Distinguishing projects from packages

djsegal · November 7, 2016, 6:37am

old title: "Extending PkgDev.jl to Project Generation"

edit:

the title was changed to reflect what gets discussed.
however this starting post (below) remains unedited to highlight the question that provoked it

From PkgDev’s description,

PkgDev.jl provides a set of tools for a developer to create, maintain and register packages in Julia package

How could this tool be extended to generating projects?

This necessitates a distinction between projects and packages.

Projects being the code users write 99% of the time
Packages being conventional 3rd party libraries/addons/gems (whatever you want to call them).

stevengj · November 7, 2016, 1:53pm

In typical Julia usage, a project is often just a package that hasn’t been published. i.e. it’s not clear that we need a distinction.

Ward9250 · November 7, 2016, 2:24pm

I think that for a distinction of a project over a package we could turn to R and packrat, and say a project is a collection of data files and scripts, which are bundled with their own copy of packages at the correct versions (maybe like how Pkg3 is looking to include environments). Projects then form a self-contained reproducible package submitted as supplements to papers and deposited on data archives. The scripts in a project are often single use and work on the data and package versions provided in the project. Whereas with packages the code inside is usually of production quality, and any data included is typically for unit testing purposes.

StefanKarpinski · November 7, 2016, 2:35pm

There a few meaningful distinctions.

global runtime configuration of dependencies (libraries & packages):

a package cannot since it is intended to be used by other projects
a standalone project can provide this since it’s the “end user”

a run target:

you generally need a way to run a project as a service or program – and this can/should be done in a standardized way
it doesn’t really make sense to run a package, although we may want to provide binary artifacts alongside packages and do so in a standardized way

a deploy target:

one often wants to deploy a project by placing all the necessary runtime dependencies in a place where they can be used without any other build-time artifacts
for a package, installation by the package manager is how you deploy it.

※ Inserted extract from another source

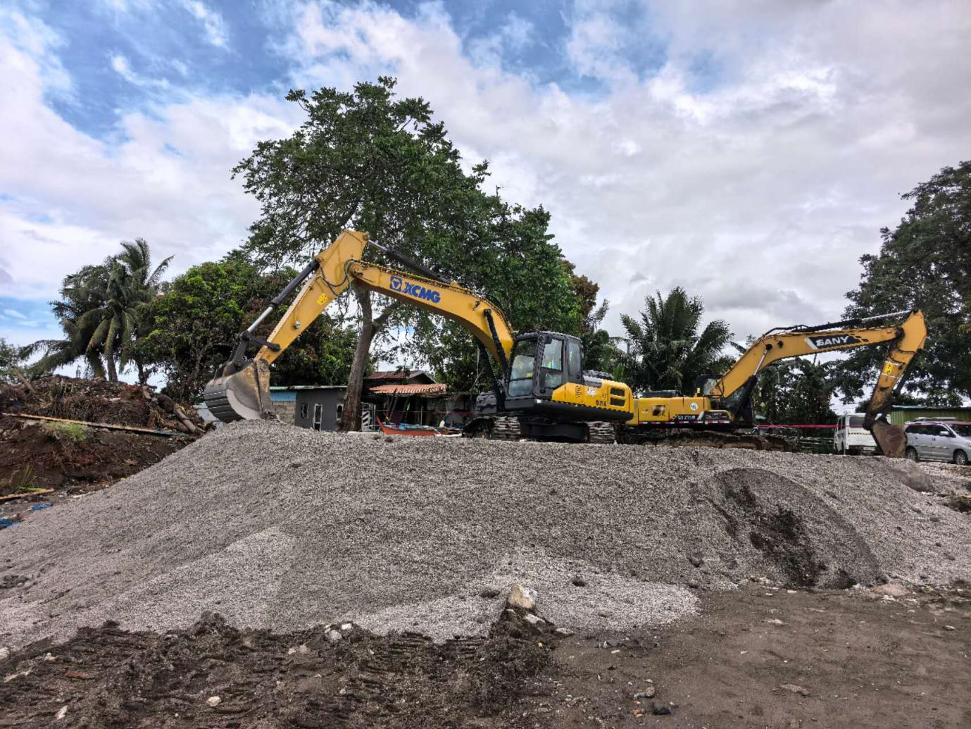 本次回填砂施工区域位于项目堆场,总面积约2.5公顷,设计采用中粗砂作为回填材料,下方回填砂与路垫层总量共计7.5万立方米。面对巴万地区砂源匮乏的实际困难,项目团队提前谋划,积极推进图纸、技术方案报批及砂源确定等准备工作,并与业主咨工保持密切沟通,全力拓展新砂源;经过多方努力,最终成功锁定符合项目需求的砂源,为现场施工的顺利开展奠定了坚实基础。
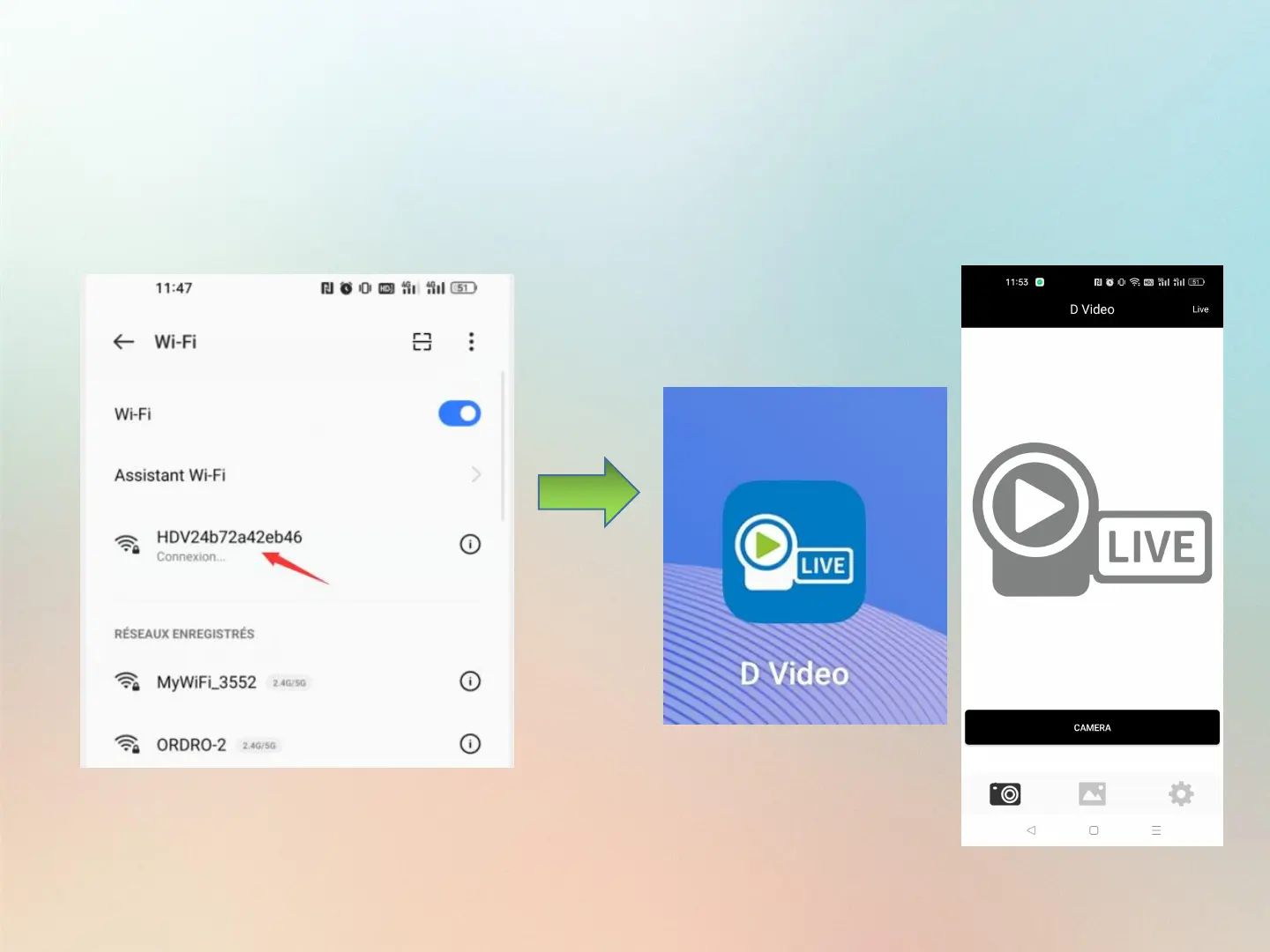 Ordro AX65 - 6 Control via WiFi; Connect Smartphone to Camera WiFi; Launch and Navigate D Video App

StefanKarpinski · November 7, 2016, 2:39pm

That seems like a very academic-centric definition. Most software projects are never published, nor do they come with any papers. Software projects provide one or more programs that are either run occasionally to accomplish a task in a limited amount of time or run continuously, cooperating to respond to ongoing requests. In other words, they are live systems that evolve over time, not artifacts.

Ward9250 · November 7, 2016, 2:52pm

Absolutely, in that case talking about ‘projects’ is insufficient. An academic end user of julia will be thinking of what I described, whereas someone else would be thinking of the kind of software project you outline. I’m only speculating but where the original post states:

This necessitates a distinction projects and packages.

Projects being the code users write 99% of the time
Packages being conventional 3rd party libraries/addons/gems (whatever you want to call them).

I think this indicates @djsegal maybe means something more like the academic sense of ‘project’, if “the code users write 99% of the time” is taken to mean most scripts written by people to just do some job they’ve been given. But again, this is not 100% precise, because ‘user’ could very well be an academic - julia being a language with many users comming from Python, R, Matlab - but it could equally be a different kind of user. Perhaps @djsegal you could expand on what you mean by ‘project’?

StefanKarpinski · November 7, 2016, 3:06pm

The notion that academic software should be a single snapshot artifact strikes me as fairly unfortunate and increasingly outdated. The ideal output of an academic project should be a package that others can reuse and extend.

Ward9250 · November 7, 2016, 3:11pm

I agree with the caveat that if you’re reviewing how someone did something, you want to be able to go back and use the same versions of things someone used, otherwise if the project has been extended or a component updated, a difference between a reviewers result and the researchers result needs to be determined as either a failiure to reproduce, or a difference caused by a change in software. Thankfully, julia’s package manager makes this pretty easy as you can specify specific versions as dependencies! And so for julia, versioned packages do the job of packrat pretty well already.

StefanKarpinski · November 7, 2016, 3:15pm

Pkg3 will help considerably since you can specify a complete environment.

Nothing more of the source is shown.